From: "Daniel P. Berrange" <berrange@redhat.com>
To: qemu-devel@nongnu.org
Cc: Kevin Wolf <kwolf@redhat.com>, Max Reitz <mreitz@redhat.com>,
qemu-block@nongnu.org, "Daniel P. Berrange" <berrange@redhat.com>
Subject: [Qemu-devel] [PATCH v1 02/15] block: add ability to set a prefix for opt names
Date: Tue, 3 Jan 2017 18:27:48 +0000 [thread overview]
Message-ID: <20170103182801.9638-3-berrange@redhat.com> (raw)
In-Reply-To: <20170103182801.9638-1-berrange@redhat.com>
When integrating the crypto support with qcow/qcow2, we don't
want to use the bare LUKS option names "hash-alg", "key-secret",
etc. We want to namespace them "luks-hash-alg", "luks-key-secret"

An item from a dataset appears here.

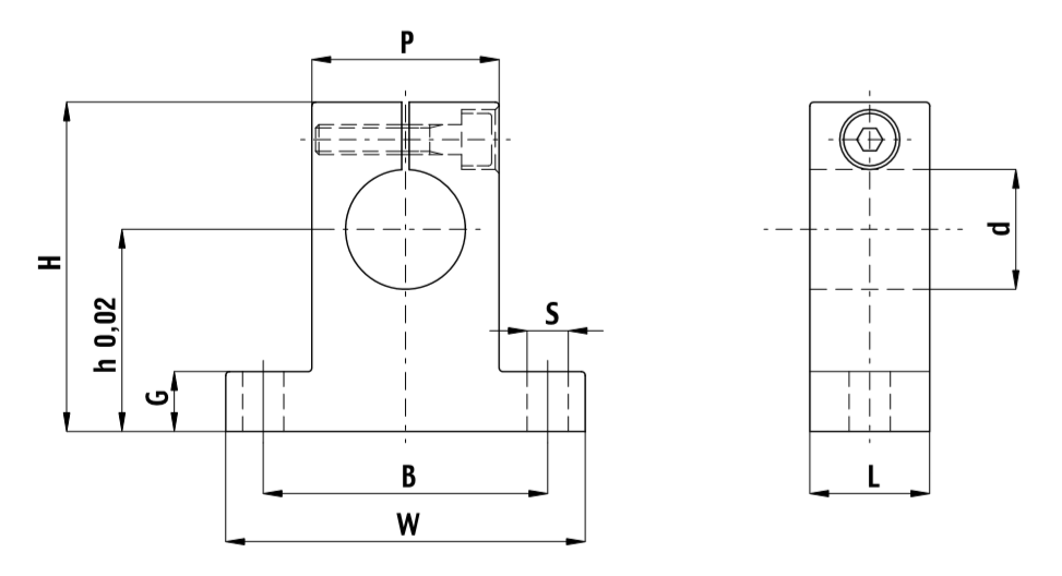 Опора вала SK60 сделана из дюралюминия, благодаря чему имеет легкий вес и высокую прочность. Опора надежно фиксирует вал параллельно опорной плоскости и обеспечивает высокую точность и скорость его работы. Крепится к основанию с помощью лапок на корпусе. Держатель вала крепится к монтажной поверхности двумя винтами со стандартной резьбой. Для фиксации вала на опоре имеется винтовое соединение.

so that they don't clash with any general qcow options at a later
date.
Signed-off-by: Daniel P. Berrange <berrange@redhat.com>
---
block/crypto.c | 110 +++++++++++++++++++++++++++++++++++++++++++++++++--------
block/crypto.h | 42 +++++++++++-----------
2 files changed, 118 insertions(+), 34 deletions(-)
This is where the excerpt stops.